Wednesday, November 7, 2018

Lion's Den, Part II...the plot thickens!

     NOTE: If you have not read my previous post "Live From the Lion's Den", I would suggest doing so before reading this one.  It offers more background.   

     On Monday, I went into work, as prayed up as I could be.  As always, as soon as I got on campus, my spirit felt heavy, oppressed.  No sooner had I walked in than I was summoned to the office.  The director had some very negative feedback for me.  In fact, she repeated something someone else had said that later turned out to be a lie (the director wasn't lying, the person who talked to her was lying).  These were fiery darts from the enemy.

     I have been involved in teaching for many years (since the 90's), and have had almost all good reviews and feedback.  By God's grace, I even won awards during my time at the YMCA.  This is all the Lord.  However, it has also made me very skeptical of the criticism I've been getting at this job here.  I don't think I'm above the need for direction.  But  being told several times a day that the students and parents complain about me and dislike me when I've had positive relationships with all of them makes me doubtful.

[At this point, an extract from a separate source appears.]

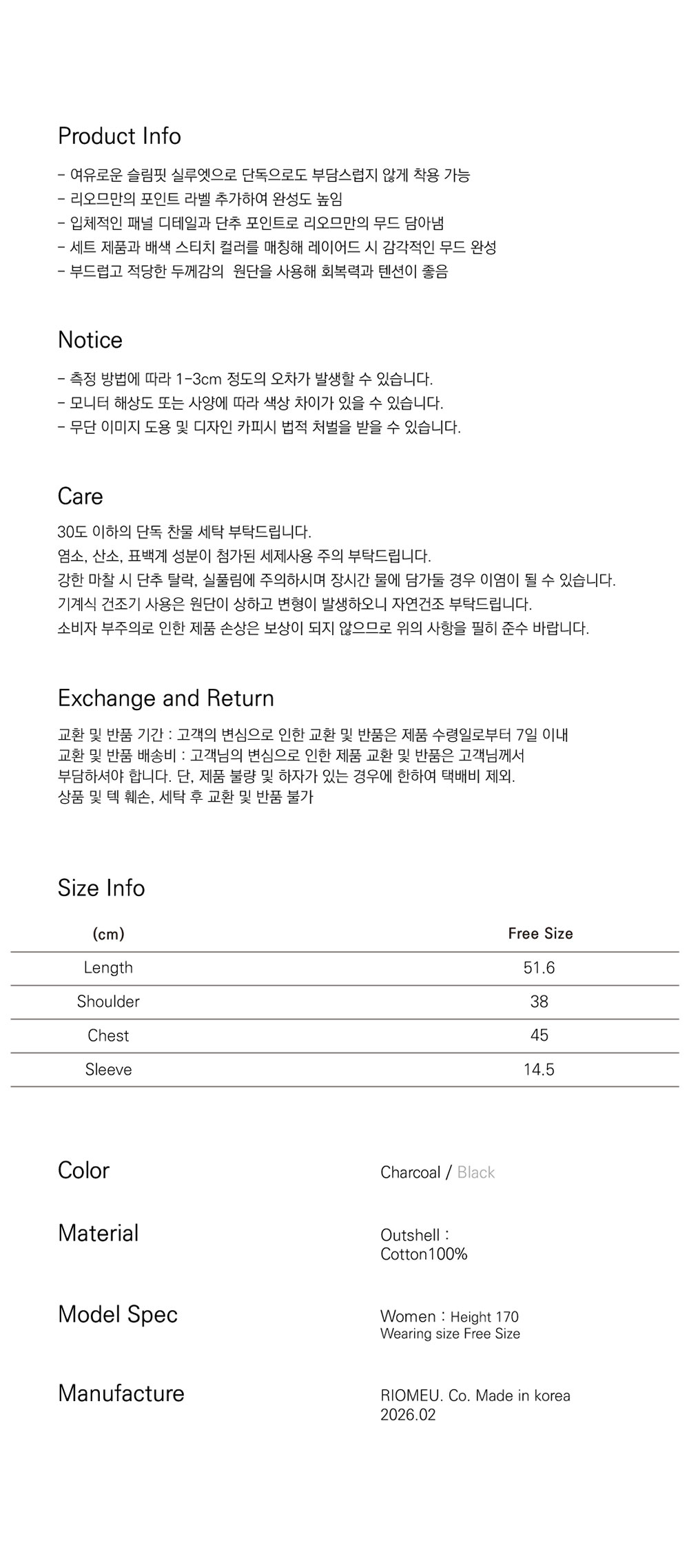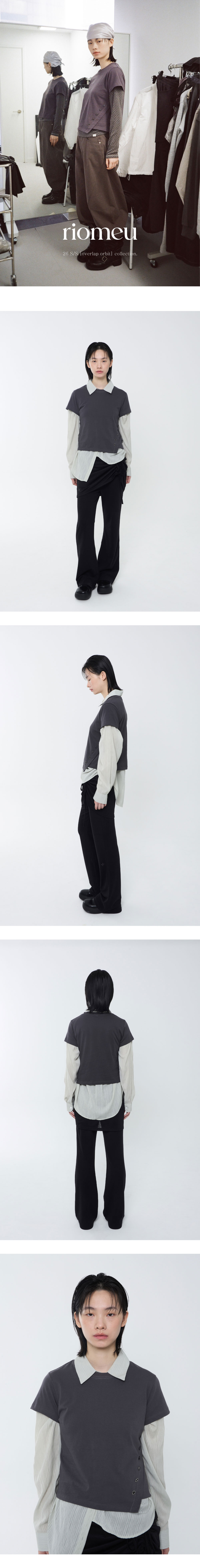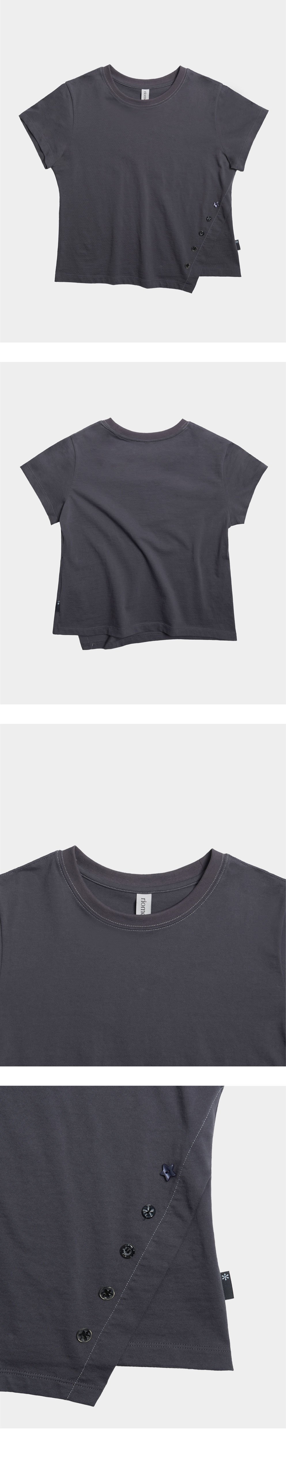 리오므 버튼 언발란스 반팔 티셔츠 차콜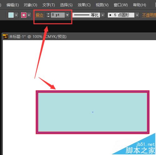 3、在AI页面的上面部分,找到【描边】字样,就可以改变描边的大小。

     Anyway, the director said I was on the verge of being fired, and that she didn't expect me to improve.  Talk about discouraging.  My best hasn't been good enough, and it's very frustrating.  But, she said, I had a chance.  I was put to work with another teacher.  Feeling very fainthearted, I went to the classroom.  The woman I was to teach with wasted no time in putting me in my place.  The last few days have been a blur of criticism.  She would ask me to do such and such a thing, then yell at me to do the opposite.  If I did something exactly as she asked, she would then add a qualifier to make it so that I didn't technically do it correctly.  She even got after me for doing things she, herself, does. Some of the weird things she was throwing at me made me very uncomfortable.  I told some students that if they showed me they were ready, we would go outside.  This woman referred to this as "threatening" the children.  That scared me, to be honest.  If she was going to report on me that I "threatened" children, that could get me fired right there.  Finally, today, I felt deep in my spirit that I needed to go.  I prayed about it all day.  I ended up working the whole day, and even considered putting it off a day, just to earn a little more money.  And even the idea of working two more weeks after giving notice made me feel depressed.  I just couldn't abide in this...and God felt the same way!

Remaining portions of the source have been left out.